TS_Point p(512, 1024, 450);  // x=512, y=1024, z=450

Operators

operator==

Returns true only if the x, y, and z fields of both points are equal. All three fields must match for the result to be true.
bool operator==(TS_Point p)
return
bool
true when p.x == x && p.y == y && p.z == z; false otherwise.

operator!=

Returns true if any field differs between the two points. This is the logical complement of operator==.
bool operator!=(TS_Point p)
return
bool
true when p.x != x || p.y != y || p.z != z; false otherwise.

Usage Examples

Checking for a valid touch

Always inspect z before treating x and y as a current touch position.
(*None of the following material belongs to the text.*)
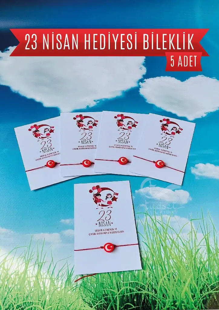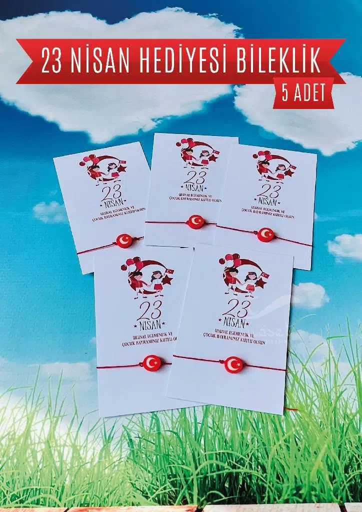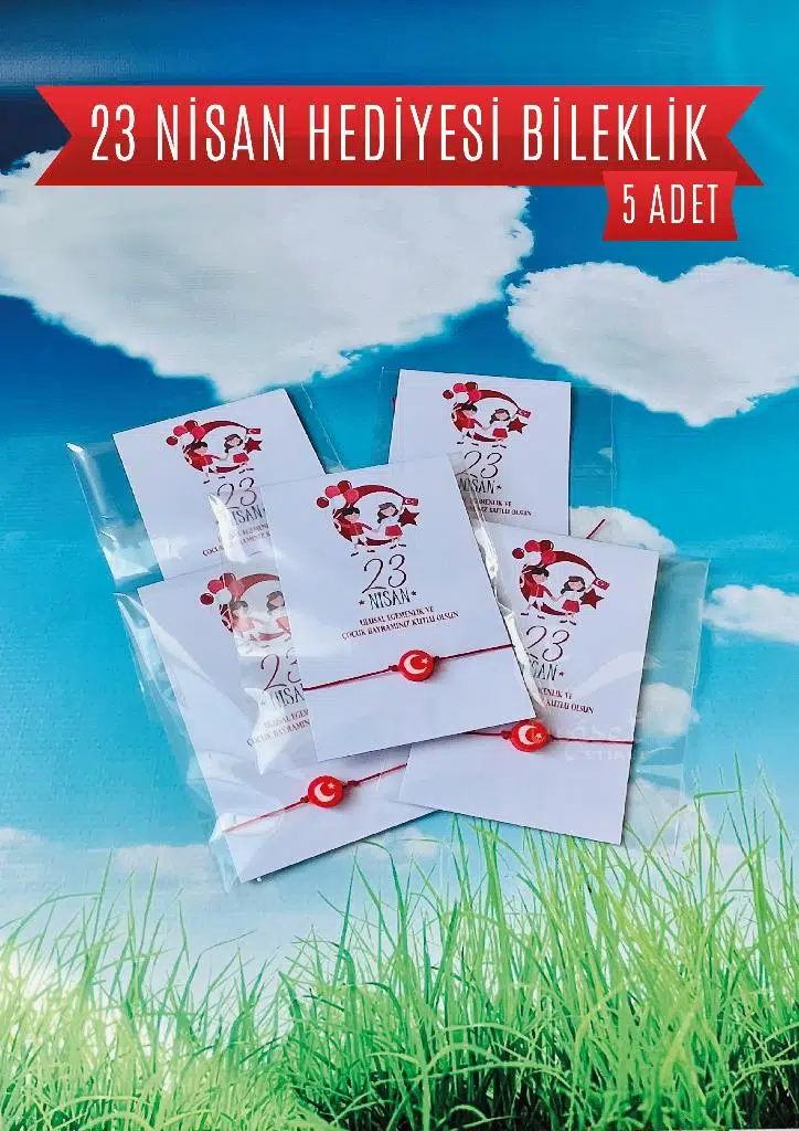 5 ADET Paketli 23 Nisan Çocuk Bayramı Hediyesi Fiyatıdır. Paket içerisinde 5 adet Ayyıldız bileklik ve 23 Nisan Temalı kart bulunmaktadır./ Çocuklarımız için hazırladığımız hediye ile siz de onların mutluluğuna ortak olun.

When the screen is not pressed, z is 0 and x/y hold stale values from the last contact.
TS_Point p = ts.getPoint();

if (p.z > 300) {
  Serial.print("Touch at x=");
  Serial.print(p.x);
  Serial.print(" y=");
  Serial.println(p.y);
}

Detecting position changes

Because TS_Point implements operator!=, you can compare two points directly without checking each field manually:
TS_Point prev;                 // default-constructed: x=0, y=0, z=0
TS_Point curr = ts.getPoint();

if (curr != prev) {
  // touch position (or pressure) changed
  Serial.print("Moved to x="); Serial.print(curr.x);
  Serial.print(" y="); Serial.println(curr.y);
  prev = curr;
}

Storing and replaying touch events

TS_Point is a plain value type with no heap allocations, making it safe to store in arrays or pass by value:
const uint8_t MAX_POINTS = 16;
TS_Point history[MAX_POINTS];
uint8_t count = 0;

void loop() {
  if (ts.touched() && count < MAX_POINTS) {
    history[count++] = ts.getPoint();
  }
}

Z Threshold Note

The library defines Z_THRESHOLD = 300 in XPT2046_Touchscreen.cpp. This constant is used in two places:
  • touched() — returns true only when the measured Z is ≥ 300.
  • update() — sets zraw = 0 (and skips storing x/y) when Z drops below 300, so getPoint() returns z = 0 for borderline readings.
A secondary threshold Z_THRESHOLD_INT = 75 controls when isrWake is cleared: the flag is reset only once Z falls below 75, providing hysteresis to prevent spurious re-arming during a slow finger lift-off.
If you are reading TS_Point from getPoint() directly (rather than calling touched() first), use p.z >= 300 as your touch-valid guard. Values between 1 and 299 will not appear in normal operation because update() zeros out zraw for sub-threshold readings.